I found that Happiness was Eternally

present in me, Love was eternally

present in me...

 

but, on some level, so were all other

emotions... including fear, greed,

hate, jealousy, anger were present in me

as 'potentiality'.

 

I experienced that it wasn't really

possible for me to 'get rid of'...

anger, fear, greed or anything else. I

contained them all and as

'potentiality' I contained them all,

all the time. As a 'potential', all

emotions were eternally present in me,

their creation or destruction was

ultimately beyond my control and thus

not my responsibility.

 

 

I saw that I didn't really have to

create or wait for love, happiness or

compassion or to destroy or get rid

of... fear, greed, anger or jealousy; it

was sufficient only to serve* them whenever

possible. And, I noticed that as long

as I was Aware... doing so was always

possible.

 

 

I noticed that I didn't have

to 'get rid of' fear to serve courage.

I didn't have to get rid of reactivity

to serve forgiveness and I didn't have

to get rid of selfishness to serve

gratitude.

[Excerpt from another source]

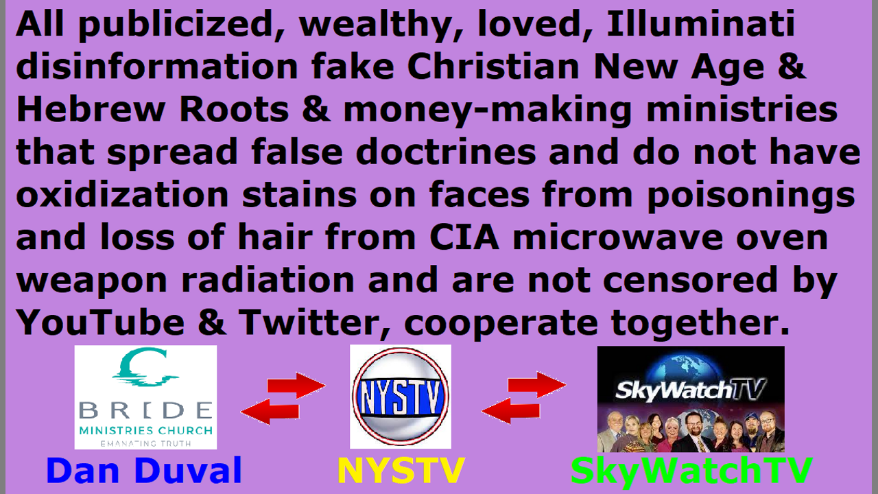 *** Intelligence news update from the Human Homo-Sapiens Race Survival Resistance (HRSR) headquarters and Republic Rebel Alliance battlefront (June 2021). The video is immovable evidence that all of the Illuminati disinformation famous loved popular wealthy Internet Christian ministries are related and interconnected and market each other’s occult esoteric witchcraft to their dumb religious Christian convert horde followers, who are redefining Bible verses and rebelling against “women’s head coverings” so that their heads are controlled by the fallen angels. The attached video shows that Pastor Daniel Duval, who is a New Ager who astral projects, is connected to NYSTV’s Jon Pounders and the fanatic feminist mason David Carrico, who are Hebrew Root movement Kabbalists though they make it look like they expose Kabbalah, and the Christian money-making business “soft disclosure” SkyWatchTV’s Josh Peck, who was a former New Ager that astral projected to talk to demon spirits just like Daniel Duval, and his SkyWatchTV host Derek Gilbert who is saying that it is safe to take the COVID-19 vaccine because it will not change your DNA genes. When you look at what they are all doing and saying from a criminal investigative deduction, they all link up like pieces of a puzzle that fit perfectly together with each other, and they all cooperate with each other to market each other, and they are all part of the same AntiChrist disinformation and false doctrine fake Christian media, who are trying frantically to cover up what we real Christians are exposing them by introducing their false information and false doctrines. They will use 90% truth that the real Christians share, and use 10% of their lies, which will destroy the religious Christian hordes who pay millions of dollars to them. A common underlying nature of these devil’s fake Christian ministries is that they all ask for donations, and they are all money-oriented, and they all sell books and sell God’s Word and sell God’s truth and anything else they can sell you, and they have amazing financial back up instead of being bankrupted and all their incomes cut off, and they are given publicity instead of being gang-stalked and receiving assassination attempts every day, and they receive support from the Illuminati Satanist pedophile cannibal witches’ cover up censorship groups like YouTube and Twitter who have removed all of the real Christians’ accounts and truth, and they do not have on their faces any oxidization stains from all the poisonings or warts from the fast-growing cancer frequency or loss of hair from all the CIA microwave oven weapon cooking alive from next door homes and rooms. They also do not restore the original Bible verses, but they pervert it, so they have huge numbers of followers of religious Christian convert hordes, and they do not all despise them. The person in the video talks about Carolyn Hamlett’s Illuminati handler and mind-controller witch Loren Grace as exposing witchcraft, but Loren Grace herself is a witch. After Carolyn Hamlett started realizing that Daniel Duval was a New Ager, Loren Grace immediately took over Carolyn Hamlett’s mind by making it look like she was exposing Daniel Duval and witchcraft, too. This is how these Satanist witches operate. Carolyn Hamlett is again under their control, and has stopped exposing their deep secrets, so their control is working. Repent and receive Jesus as Savior, and make straight the path of the Lord! End of transmission… ***
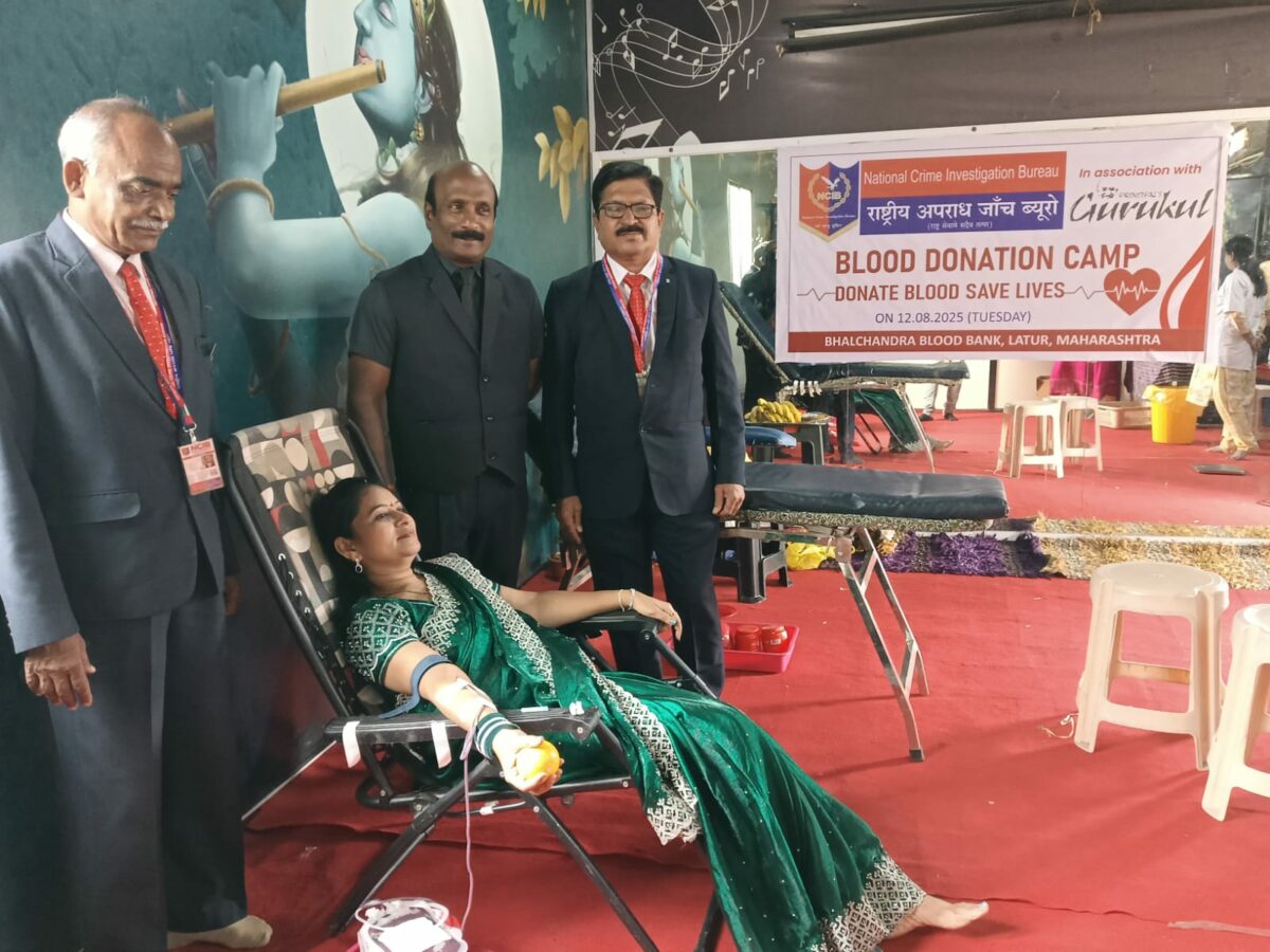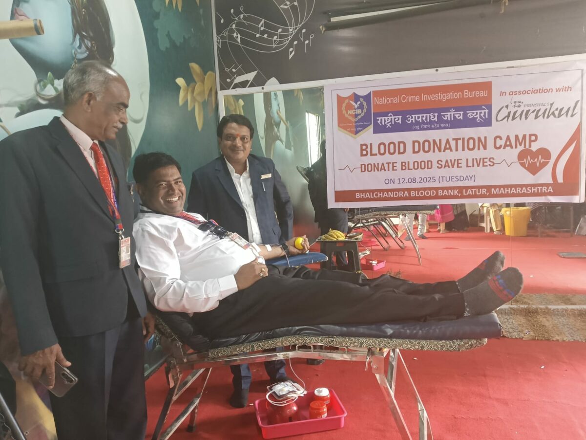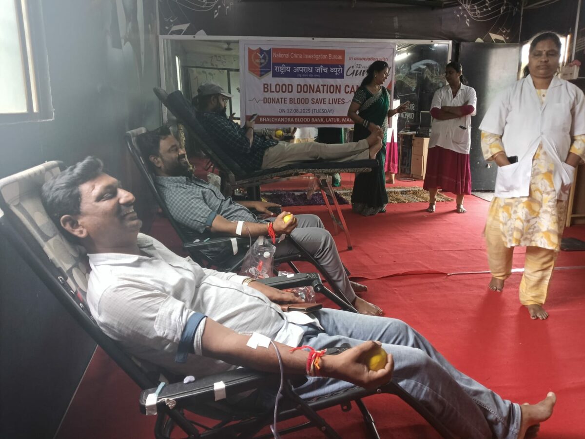 राष्ट्रीय अपराध जांच ब्यूरो (एनसीआईबी) लातूर संभाग ने मंगलवार को एक विशाल रक्तदान शिविर का सफल आयोजन किया। यह कार्यक्रम माननीय राज्य निदेशक श्री सुरेश कुमार तिवेदु के मार्गदर्शन एवं नेतृत्व में, डॉ. बालचंद्र ब्लड बैंक, लातूर, महाराष्ट्र के सहयोग से संपन्न हुआ।

Serving was mostly an act of

choosing and not of creating, because,

as seed all emotions were always

present, creation or destruction was in

fact, not possible.

 

 

In the same way, I noticed that

achieving a particular result for self,

others or... the world too was not

really in my control; my responsibility

if any, was only to think, speak and

act with compassion, forgiveness,

gratitude, love and reason.

 

I noticed that when I did that... I naturally

felt quite effortless, peaceful and

happy, which I thought was another

reason to be grateful and not really to

use this happiness as the 'goal' of

the service/action.

 

 

----

 

*By serving I mean to think, speak and

act with compassion, forgiveness,

gratitude, love and reason...

 

i.e. to " chose " to think, speak and act

the way which feels aligned with Courage,

compassion, forgiveness, love and reason...

 

and, to do so

even when fear, greed, anger, jealousy,

reactivity or selfishness is present.

 

 

I noticed that doing so generates natural ease

and peace and the grip of the emotions like fear,

greed, anger, reactivity starts getting weaker.

But, I also noticed that it was faulty, selfish

[an counter-productive] to make the happiness

that it generates as the 'end goal' for doing

what felt compassionate and kind... because,

whenever I made that as a 'goal'... my heart

felt shrunk, narrow, afraid and greedy.